1. Dikkatiniz dağıldığında önünüzdeki bir şeyi kaçırabilirsiniz.
Çoğumuz etrafımızdaki dünyayı gözlemleme yeteneğimize büyük değer verme eğilimindeyiz. Hepimiz kendimizi Sherlock Holmes olarak görmesek de, tam önümüzde aptalca veya saçma bir şey olursa bunu fark edeceğimize inanmayı severiz. Sihirbazların bir şeyi kaçırmamızı sağlamak için el çabukluğunu kullanabileceğini hepimiz biliyoruz, ancak bu genellikle bir şeyi çok hızlı bir şekilde yapmayı ve görmemizi istemedikleri bir şeyin önüne bir şeyi koymayı içerir.
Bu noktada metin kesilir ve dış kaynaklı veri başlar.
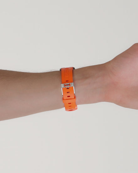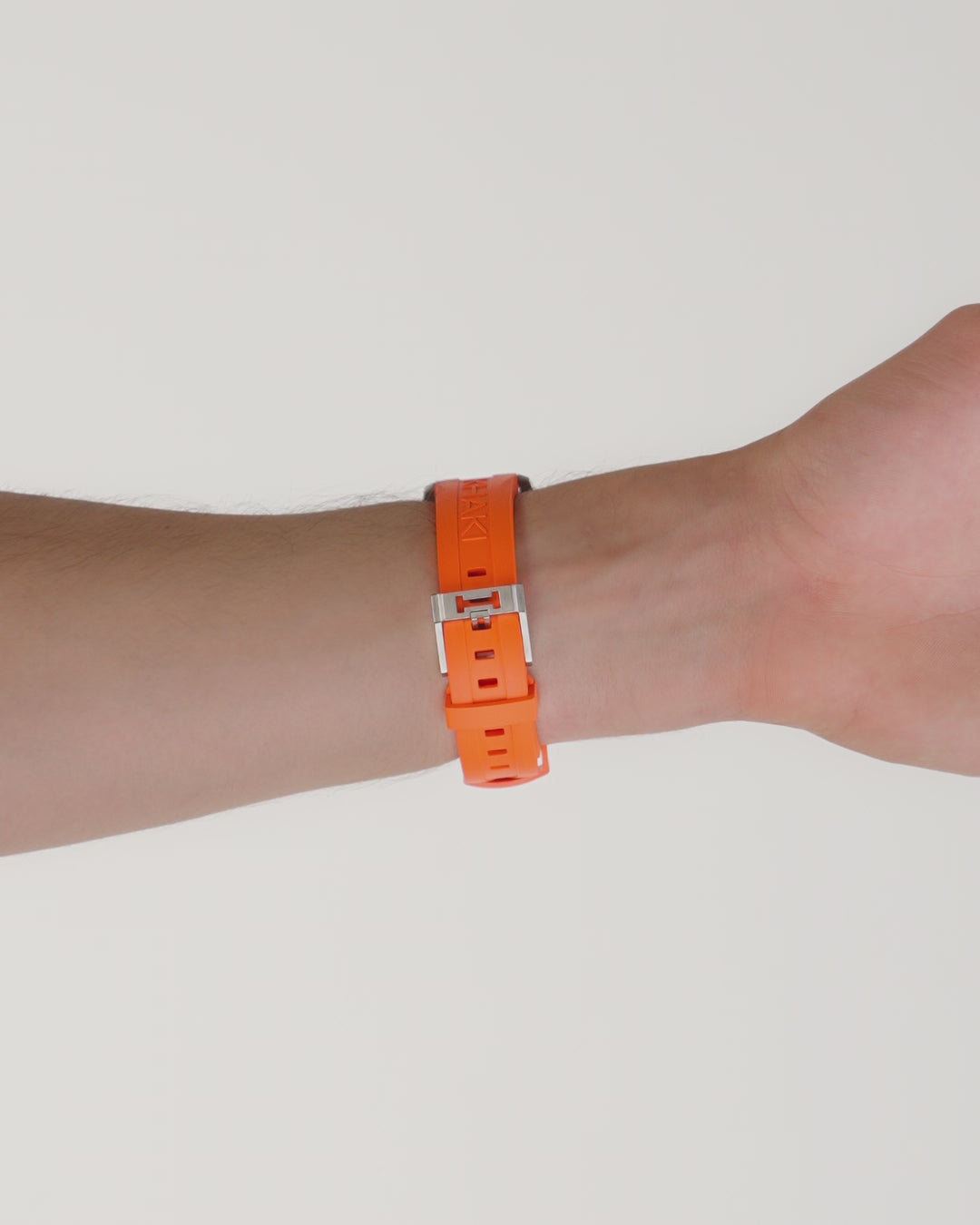 Sulla spiaggia, a bordo piscina o nelle profondità marine, lo stile del nuovo Khaki Navy Scuba fa sempre colpo. Pensato per i marinai moderni, i surfisti, gli amanti dello snorkeling o della spiaggia, è accattivante e funzionale grazie al cinturino in caucciù arancione e al quadrante nero a contrasto. Il tuo compagno ideale per cronometrare una nuotata, una corsa o per un momento di relax al sole.

Çoğu zaman bize gerçekte neler olup bittiğini doğrudan göstermezler, ancak bazen bu sonuç verir.
Bunun en ünlü örneklerinden biri sihirbazlardan değil, psikologların öğrencilere bazı şeyleri ne kadar kolay gözden kaçırabildiğimizi ve nasıl aldatılabileceğimizi öğretmek için kullanmayı sevdikleri videolardan geliyor. Videoda birkaç kişinin basketbol topunu ileri geri fırlattığı görülüyor. Sizden bir video izlemeniz ve insanların kaç kez pas attığını görmeniz isteniyor. Çoğu insan pasoları saymakla o kadar meşgul ki, goril kostümü giymiş bir adamın resmin içinde yürüdüğünü ve göğsünü yumruklamak için durduğunu fark etmiyorlar. Buna dikkat dışı körlük denir ve psikologlar arasında iyi bilinen bir olgudur.